Where is the wild use of the Dirac delta function in physics justfied?

Question

Wikipedia has a wild article about the Dirac delta function. Are the things listed correct? Or is there no proof that they are correct? For my master thesis I want to refer to rigorous proofs of these properties if they exist. The problem is that Wikipedia's list of references is meager and in almost every appropriate place, the references are missing. To give you a taste, some properties Wikipedia lists are:

Fourier transform of delta function,
delta function composition with another function
translations of delta function,
delta function is an even function
the property $\delta(ax) = \delta(x)/|a|$
algebraic properties
integration by parts of integrals containing delta function,
distributional derivatives

I looked at a few texts, but they were not relevant for two reasons, i.e. Griffel - modern functional analysis, because the space of functions were too small (test functions with compact support). In physics, the convolving function (not the generalized function) is usually any function on $\mathbb{R}^d$, and therefore I am interested in a large a space as possible. And second, they didn't refer to anywhere near all these properties.

Is there a math book written by a mathematician (not a physicist) which treats much of the above rigorously? Alternatively, if you can justify that the above properties are just physics (not math) sufficiently well, then I can let it go and get on with my life. Either is appreciated.
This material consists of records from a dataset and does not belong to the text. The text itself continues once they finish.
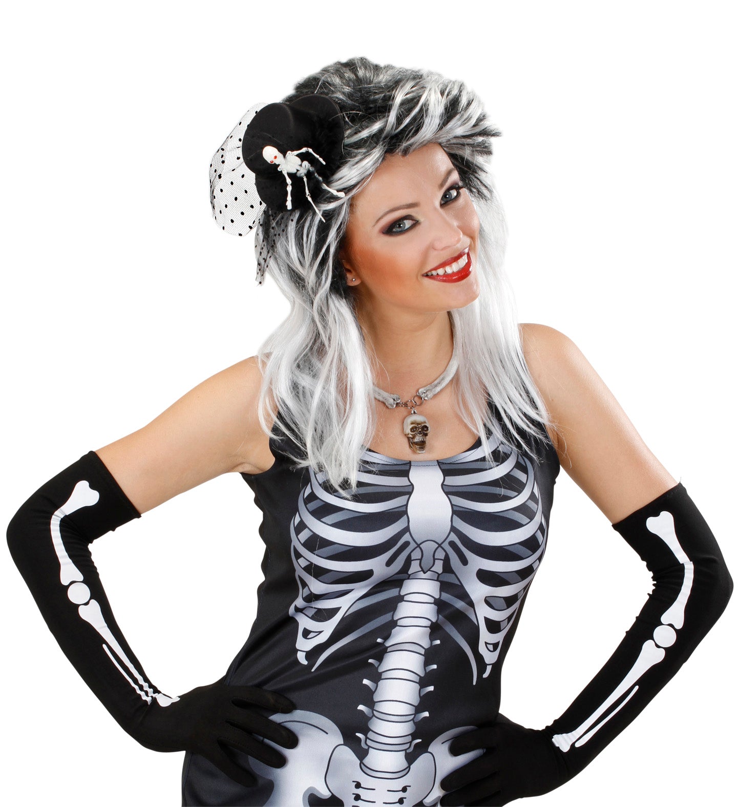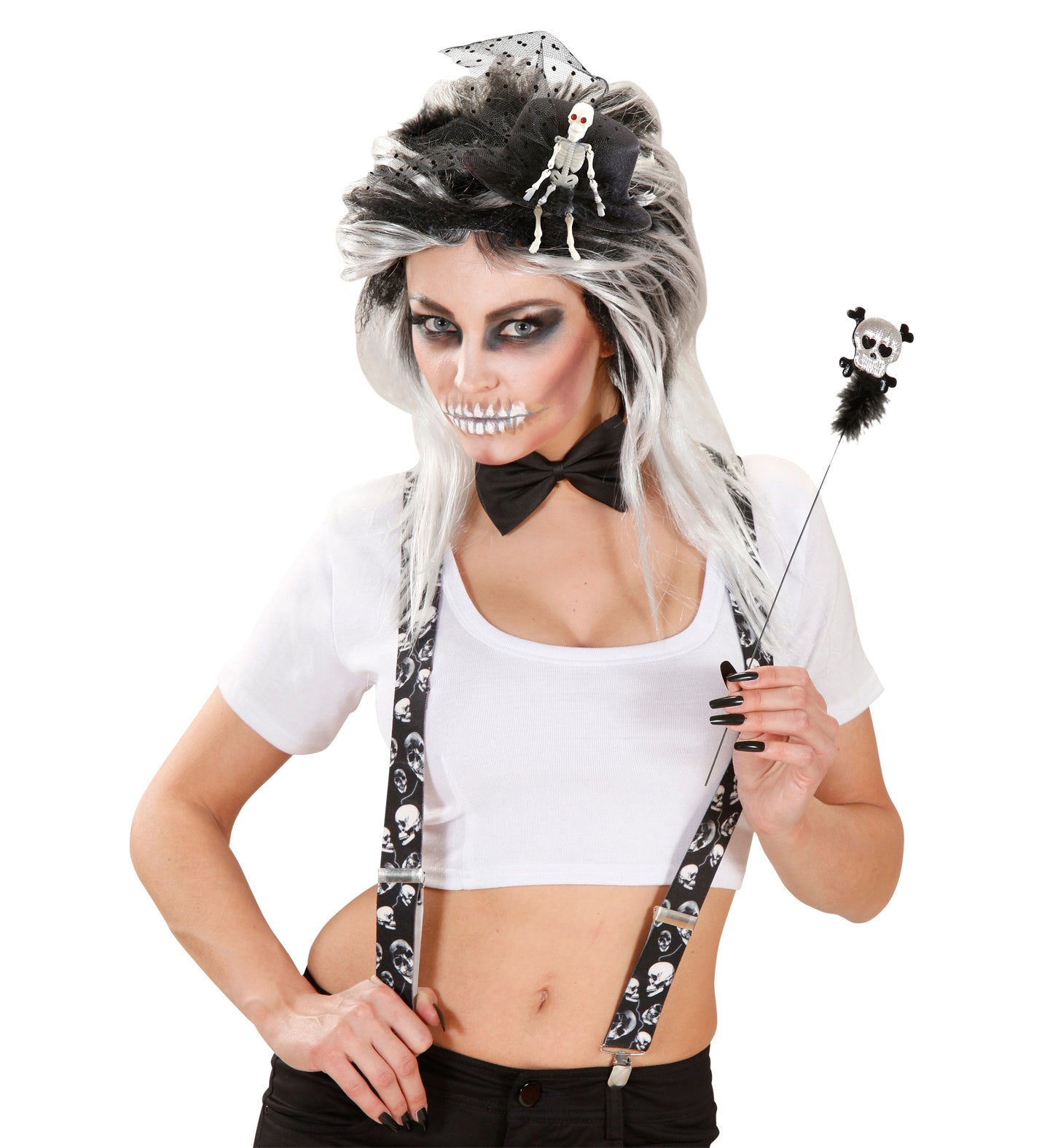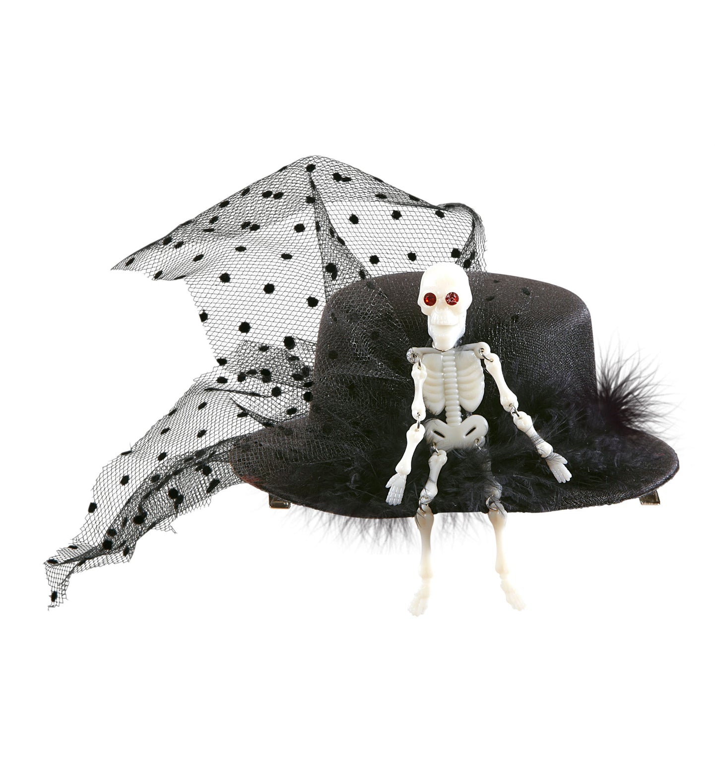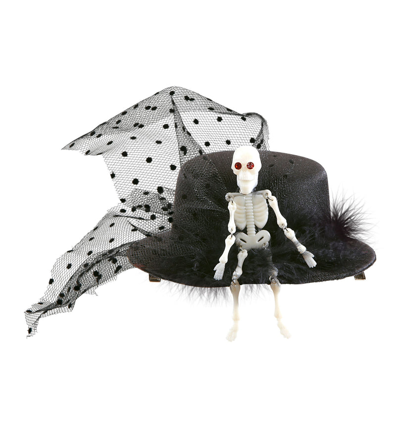 Mini hoge hoed met tule en skelet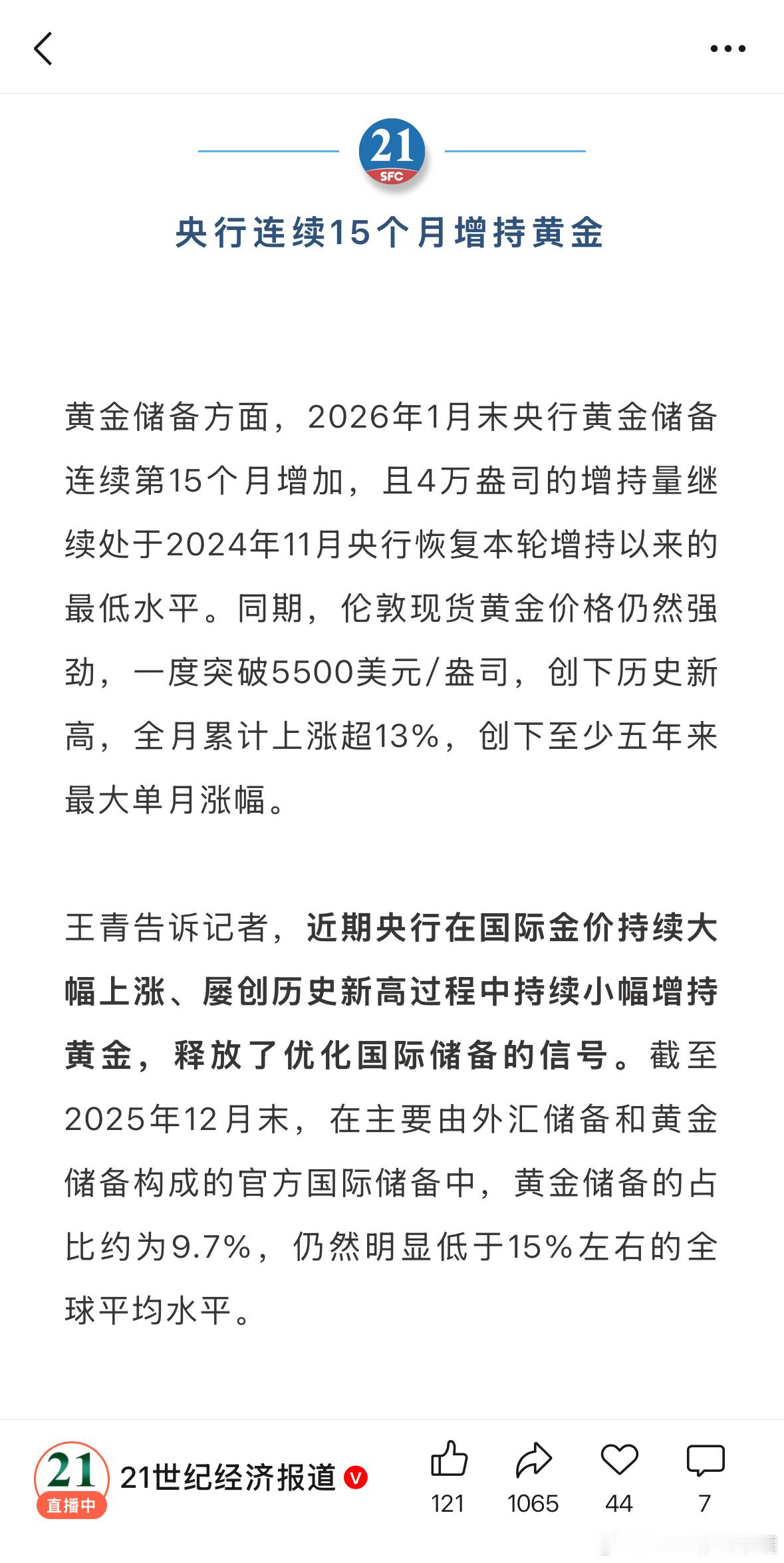 中国央行持续第十五个月增持黄金,在国际金价持续大幅上涨,屡创历史新高过程中持续小幅增持黄金,释放了优化国际储备的信号。黄金在长期保值增值避险抗通胀等方面存在不可替代的优点,兼具金融和商品的多重属性,央行正在推进国际储备多样式,在组合配置中加入以及动态调整黄金储备的战术操作不会改变,而且持续增持黄金的整体战略趋势也不会改变。黄金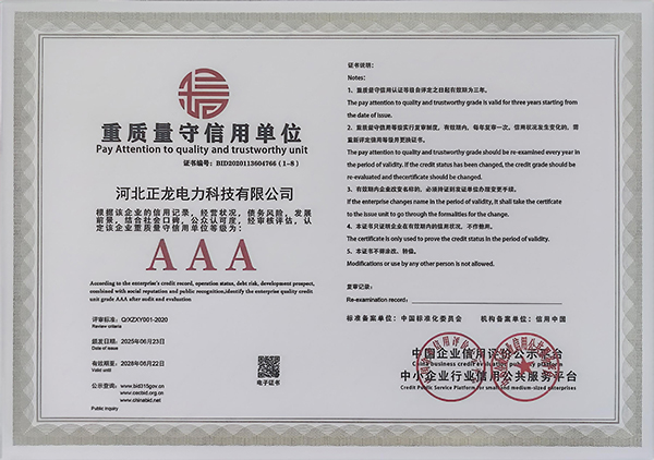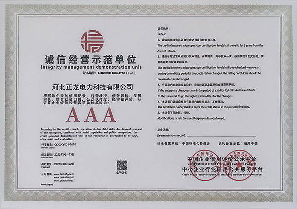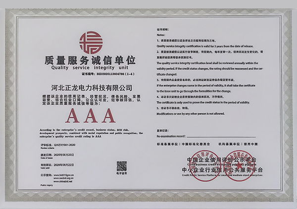 河北正龙电力科技有限公司的诚信、实力和产品质量获得业界的认可。自公司成立以来,本着“客户为先,服务为本”的经营理念,服务于新老客户,获得新老客户的好评,现有完整的线上线下销售渠道,完整、科学的产品管理体系,所生产的产品销往各地。

Reed & Simon, Functional Analysis contains pretty much everything you are asking for. I'm not familiar with many functional analysis books, but distributions should be covered almost every book. — s.harp, Nov 26 '16 at 20:18
For introductory; Any book that develops basic measure theory (and integration with respect to a measure) along with functional analysis will probabilty explain or give formal preperation to the concept of distributions. — Ranc, Nov 26 '16 at 20:23
yes, physicists like to abuse notation a lot. Partly to save time, but also because a mathematically rigorous theory does not actually exist (yet). In particular quantum field theory depends (sadly) on mathematically ill-defined "renormalization and regularization", which mostly boils down to making sense of distributional expressions which are not actually defined in math. — Simon, Nov 26 '16 at 20:28
Tempered distributions are important, where the test functions are the Schwartz functions (i.e. "rapidly decreasing" functions). — , Nov 26 '16 at 20:44
To do multivariable stuff (which includes composition), it might help to have some basic ideas about differential geometry and/or algebraic geometry. — , Nov 26 '16 at 20:49
A few references that might help: Distribution theory and differential equations. , Delta function that obeys inverse square law outside its (-1; 1) range and has no 1/0 infinity , Could this be called Renormalization? . — Han de Bruijn, Nov 29 '16 at 19:02
How much rigorous is "rigorously"? Standards of rigor are social standards, as is clear from the different views exposed by physicists/engineers and mathematicians on the subject. — Han de Bruijn, Nov 29 '16 at 19:11
I find Rudin Functional Analysis chs. 6-7 helpful for these issues (e.g., 6.26ff., 7.14). You mention "convolving function" and want the "convolving function" to be any function on $\Bbb{R}^d$. While convolution is not on the list of issues above, note Rudin 6.36 whereby convolutions are defined if at least one of the distributions convolved has compact support. — ForgotALot, Dec 01 '16 at 03:05
Perhaps interesting as well : WHO INVENTED DIRAC’S DELTA FUNCTION? . — Han de Bruijn, Dec 03 '16 at 13:47
As soon as I become enthusiastic about a treatise concerning the Dirac delta written by a mathematician, you will hear me applaud. So far, I have only seen the clothing of essentially simple ideas in ever more set theoretic underwear that does not reveal anything that we did not already know for a century or so. Mathematicians have only joined the BBQ after the beef has been roasted already. As a physics engineer by education, I tend to keep the path from A to B as short as possible. Rigorous, for me, is a straight line, not a Hilbert curve. — Han de Bruijn, Dec 03 '16 at 14:25
Oh yeah, before I forget: in engineering, Dirac deltas are functions and not "distributions", not "measures" and not "functional analysis" (mind the +50,+200,+400 bounties with the latter, why would that be?) — Han de Bruijn, Dec 03 '16 at 14:27
I suggest, as others, to look up at distribution theory. In any case: maybe I'm stating the obvious here, but don't worry about test functions being the restrictive class of smooth functions with compact support. They are just the functions on which delta (or another distribution) acts so to say, not the distribution itself! Again, maybe I didn't get the point — Del, Dec 03 '16 at 18:32

user45664 · Answer 1 · 2017-05-06T16:44:34.800

To answer Is there a math book written by a mathematician (not a physicist) which treats much of the above rigorously?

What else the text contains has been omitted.